Tales of the road, part 6


Wednesday February 3, 2011

It's 1:11am in Berlin and my friend Henry is snoring like a banshee if banshees snored and I put on my headphones and write. Thirteen days into my travels some familiar music is nice, and putting words on "paper" is solace.

Four days/a lifetime ago, Sunday, In Brugges, I fought my instinct to just keep moving and after a battle with my intrinsic restlessness, I stayed another day. The reward was carillon bells and street scenes of grandparents and grandchildren partaking of simple joys and a huge pot of mussels Belgian style, like eating the ocean undiluted.

In the quiet time I thought back to a conversation with Patricia, the ex-pat American owner of the Jazz Bar who has lived in Belgium 20 years. She told me of her son who had dropped out of art school in Ghent and run way to live with Patricia's family in LA, where he is considered rude and overly opinionated and (God forbid) godless. There, he was asked if he believed in God, and answered Of course I don't, who believes in God? The family in LA being half Mexican Catholics, well, there's the rub.

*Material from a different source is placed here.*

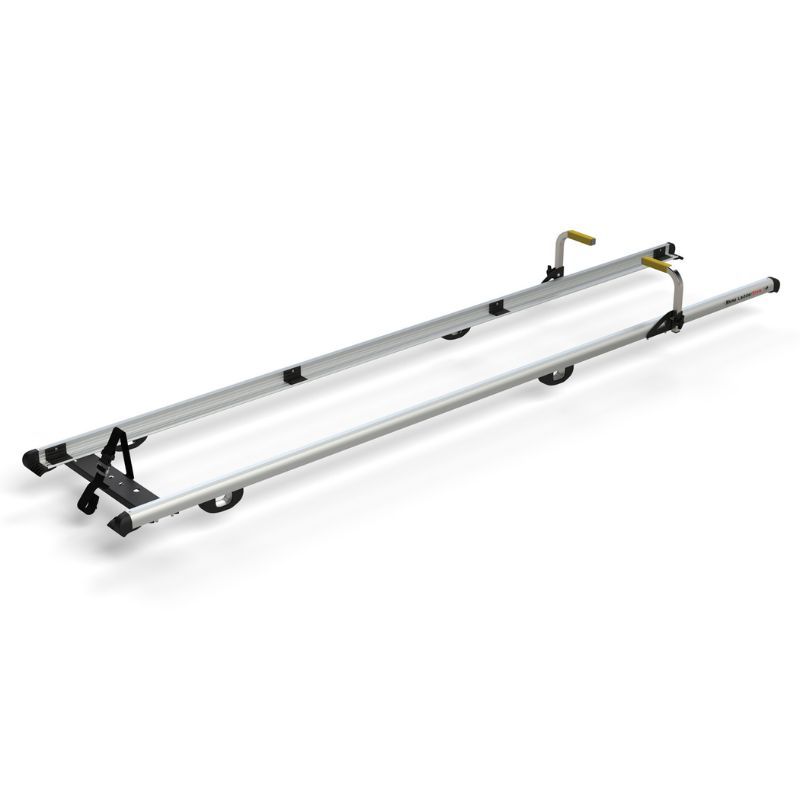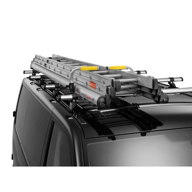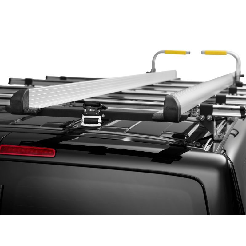 Porte-échelles sur barres de toit pour toits bas, ergonomique et sécurisé, guidages réglables, jusqu’à 3 sections emboîtables, installation par une seule personne.

Atheism in the US seems to be coming out of the closet the last few years despite the lingering posturing of the hard religious right, the remnants of the old Moral Majority. Recent writings by Chistopher Hitchens and Sam Harris and others have been best sellers, and even Ricky Gervais has weighed in on disbelief. Nonetheless, it remains de rigeur in the US to profess belief outwardly, regardless of one's true thoughts.

Not so in Europe, as illustrated by the story of Patricia's son. The irony is that these European cities full of atheists are full of churches - some of the most stunning, resplendent, imposing churches to be found, churches whose spires and bells loom over entire cities.

This day in Brugges I viewed a Groetmuseum display of entirely religious art, Flemish primitive painters, they're called, and the disconnect was front and center - the disconnect between the private beliefs of these Belgian and French and British and German museum patrons and the subject matter. Their forebears had a passion for the Passion, judgment and damnation and all the trappings. Today's viewers gave a lot of studious looks, and held quiet conversations, but there were no discernable moments of ecstasy or conversion taking place.